I put it to you that not only CAN you get into shape eating the foods that you like, that's exactly how everyone who ever DID get into shape and STAY that way has done it.
Think about it. Maybe they aren't eating the foods YOU like, but they're definitely eating foods that THEY like. But doesn't that mean that you have to eat the foods that they like, because those are the foods to eat to get into shape, the ones that you don't like and they do?
Nope.
You can't expect results via forcefeeding yourself things you don't like, because you're not going to stick with it. You're going to lose your appetite half way through your first "healthy" meal, throw half of it away, probably skip your next meal because you're so unenthusiastic about that one too, end up ravenous hours later and going to town on exactly the same foods you were convinced you needed to "give up because they're bad" or whatever. And then how do you feel? Not real good.
Imagine three lists of foods.
- List A: the most unquestionably healthy, wholesome and nutritious choices. If you stuck to only these foods and just ate them until you were satisfied, you probably wouldn't go too far wrong in terms of total energy intake and you'd have an abundance of vitamins and minerals and other good stuff too.
- List B: more normal sort of food choices. Not full blown health nut level of virtuous "clean eating", but a reasonable variety of reasonably healthy choices.
- List C: the "now you're just taking the piss, you can't possibly be serious" list.
I feel like it is not so prevalent lately and hopefully will be even less so as this year continues, but in the past there has been this ideal out there that a certain type of person is better than other people, and that's why they look so good and are in good shape. Being an extra active, outdoorsy type who only eat from that A List of most nutritious foods.
Now nothing against those people, don't get me wrong. They're out there living their lives, doing the things they're enthusiastic about, and more power to them for it. But they're not better than someone who'd rather curl up with a good book under a blanket, for example. They're in shape because they have an active lifestyle, and an appropriate energy intake... not because they're better, more virtuous people than someone who's more of an indoorsy person with less exemplary food choices.
That's important to point out, because along with that ideal came this kind of warped notion that people are in shape because of the some "moral" association with those food choices. And then, depending on who you are unfortunate enough to be influenced by, that "List A" becomes shorter and shorter, and god forbid you ever slip up and have something from "List B" instead. A while back in certain circles it was to the extent that you basically had a very, very short "List A" and then everything else that exists is "List C".
"Fruit? You gotta be taking the piss. What about the sugar?"
That sort of thing. It got beyond ridiculous. If you've followed my blogs for a while you'll know already, I considered it the active promotion of orthorexia nervosa and I declared war on it a few years back.
Let's move on though and look at List C, and while it is already the "you must be taking the piss" list, let's really take the piss and say not only is it OK to include some of these foods from time to time, we're going to ONLY eat these foods.

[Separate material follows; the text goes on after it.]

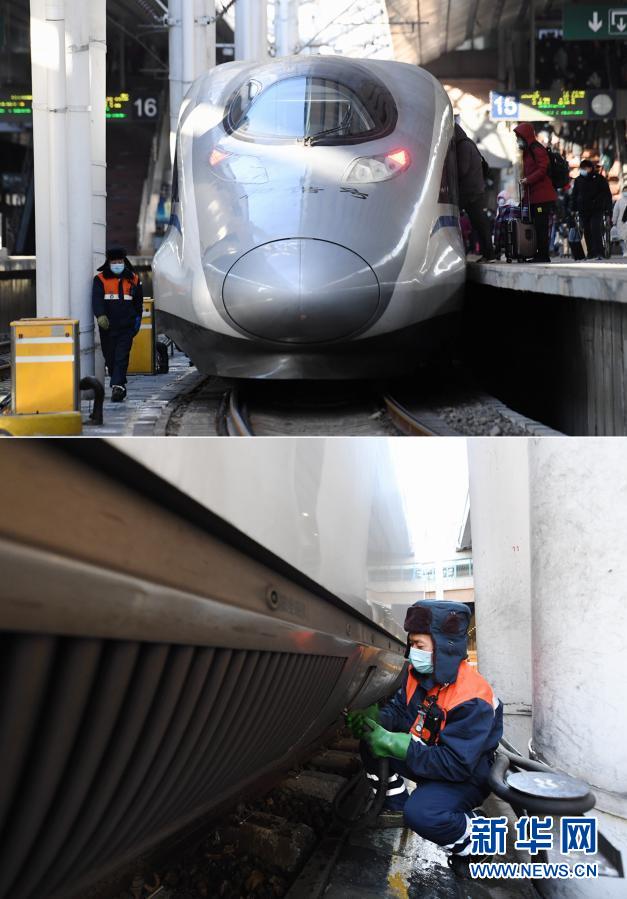 这是一张拼版照片:上图为1月6日,北京西站上水车间一名给水员在进行上水作业;下图为1月6日,北京西站上水车间给水员张长宁在进行上水作业。
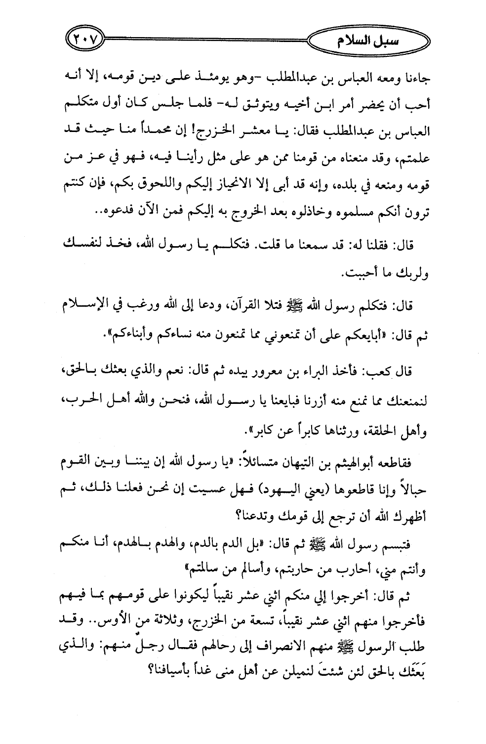 جاءنا ومعه العباس بن عبد المطلب -وهو يومئذ على دين قومه، إلا أنه أحب أن يحضر أمر ابن أخيه ويتوثق له- فلما جلس كان أول متكلم العباس بن عبد المطلب فقال: يا معشر الخزرج! إن محمداً منا حيث قد علمتم، وقد منعناه من قومنا ممن هو على مثل رأينا فيه، فهو في عز من قومه ومنعه في بلده، وإنه قد أبى إلا الانحياز إليكم واللحوق بكم، فإن كنتم ترون أنكم مسلموه وخاذلوه بعد الخروج به إليكم فمن الآن فدعوه ..

Could it be done? If you set out to prove a point that total energy intake is what matters in maintaining a suitable weight range, and that regardless of food choices health markers will be improved as weight becomes less excessive, could you do it?
Well, a couple of people already have.
- Man loses 56 pounds after eating only McDonald's for six months.
- Twinkie diet helps nutrition professor lose 27 pounds.
Now, not that I am saying for a minute that this is the recommended course of action, but my point stands. You most certainly can lose weight via a plan to meet appropriate total intake from what ever choices of foods best suit you, and while we're at it let's mention whatever meal schedule best suits you, as well.
If you're able to mostly eat from whatever you feel would come under List A, that's awesome. If you have a plan to meet your requirements from List B; that is just as effective, you will not ruin your health, and you will still deserve success just as much as any one else as well. Even if you include some from List C, within a plan for appropriate intake to meet your requirements you will still deserve success and be successful.